Geographically weighted density regression (GWDR), is a model which calcaulates a wight for each dimension of coordinates, and calibrate regression model with the product of these weights. In this page, we mainly introduce the usage of gwdr()
.
library(sf)
#> Linking to GEOS 3.7.1, GDAL 2.4.0, PROJ 5.2.0; sf_use_s2() is TRUE
library(GWmodel3)
#>
#> Attaching package: 'GWmodel3'
#> The following object is masked from 'package:stats':
#>
#> step
Basics
Let us set the data LondonHP
as an example, and show how to use gwdr()
. Assume that the PURCHASE
is the dependent variable, while FLOORSZ
, PROF
and UNEMPLOY
are independent variable, we can calibrate a GWDR model with the following code.
data(LondonHP)
m1 <- gwdr(
formula = PURCHASE ~ FLOORSZ + UNEMPLOY + PROF,
data = LondonHP
)
m1
#> Geographically Weighted Density Regression Model
#> ================================================
#> Formula: PURCHASE ~ FLOORSZ + UNEMPLOY + PROF
#> Data: LondonHP
#> Dimension-specified Weighting Configuration
#> -------------------------------------------
#> bw unit kernel
#> X 0.618 % gaussian
#> Y 0.618 % gaussian
#>
#>
#> Summary of Coefficient Estimates
#> --------------------------------
#> Coefficient Min. 1st Qu. Median 3rd Qu. Max.

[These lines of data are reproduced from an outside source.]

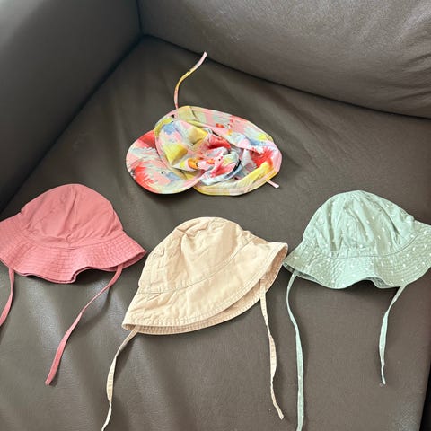 Selger to nesten nye solhatter fra HM, til jente. En rosa, og en hvit med blomster på. Str 1-2 år.
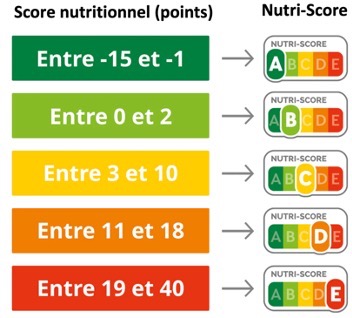 Moins connu, le score nutritionnel est celui qu’on calcule, à partir des informations dont on dispose sur un produit alimentaire, pour justement déterminer son Nutri-score. Ce score est un nombre de points entiers entre -15 et 40. La correspondance entre score nutritionnel et Nutri-score se fait selon le document visible en Annexe.
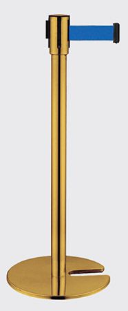 Barreira de delimitação dourada com uma fita de cor azul e base com encaixe.
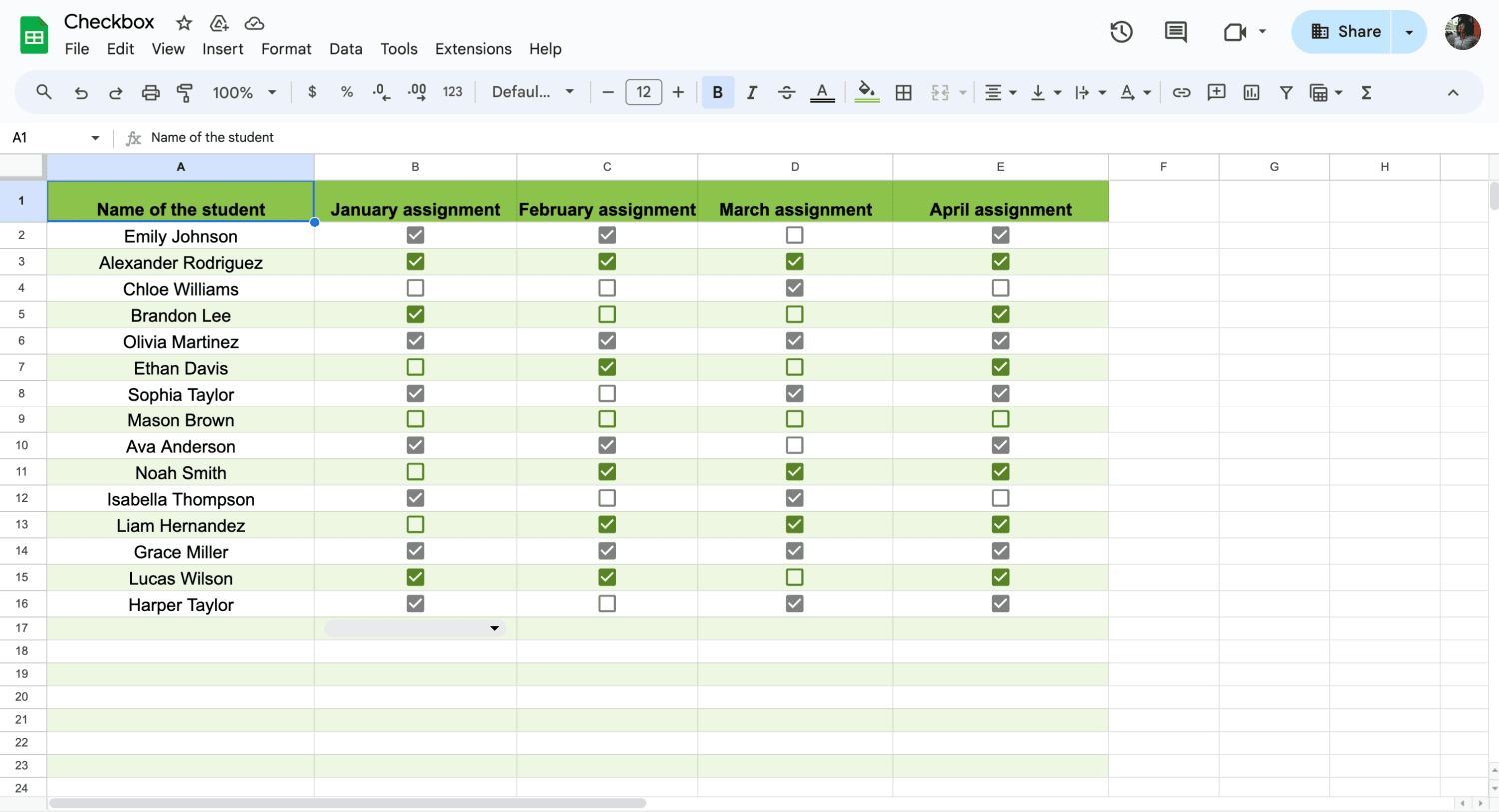 Add Checkboxes them by going to Insert > Checkbox in the menu. They are perfect for tracking task completion or yes/no responses across multiple sheets. You can pair checkboxes with conditional formatting to highlight completed tasks. They also work well with formulas to calculate progress or filter checked items.

#> Intercept -193327.404 -175567.666 -168977.411 -162922.380 -140786.788
#> FLOORSZ 1305.212 1393.038 1467.604 1576.467 1696.385
#> UNEMPLOY 523550.252 580577.144 642590.758 718386.733 824739.610
#> PROF 330854.107 351258.803 368915.791 388013.724 413800.564
#>
#>
#> Diagnostic Information
#> ----------------------
#> RSS: 494470388228
#> ENP: 10.34202
#> EDF: 305.658
#> R2: 0.7238836
#> R2adj: 0.7145105
#> AIC: 7594.609
#> AICc: 7604.972
Here no additional arguments are set, so the function will apply the follwing configurations:
- Banwdith size for each dimension is 61.8% samples.
- Adaptive bandwidth for each dimension.
- Gaussian kernel function for each dimension.
- No bandwidth optimization.
On most situations, these configurations can ensure the algorithm works. To further specify arguments, please turn to Weighting configurations.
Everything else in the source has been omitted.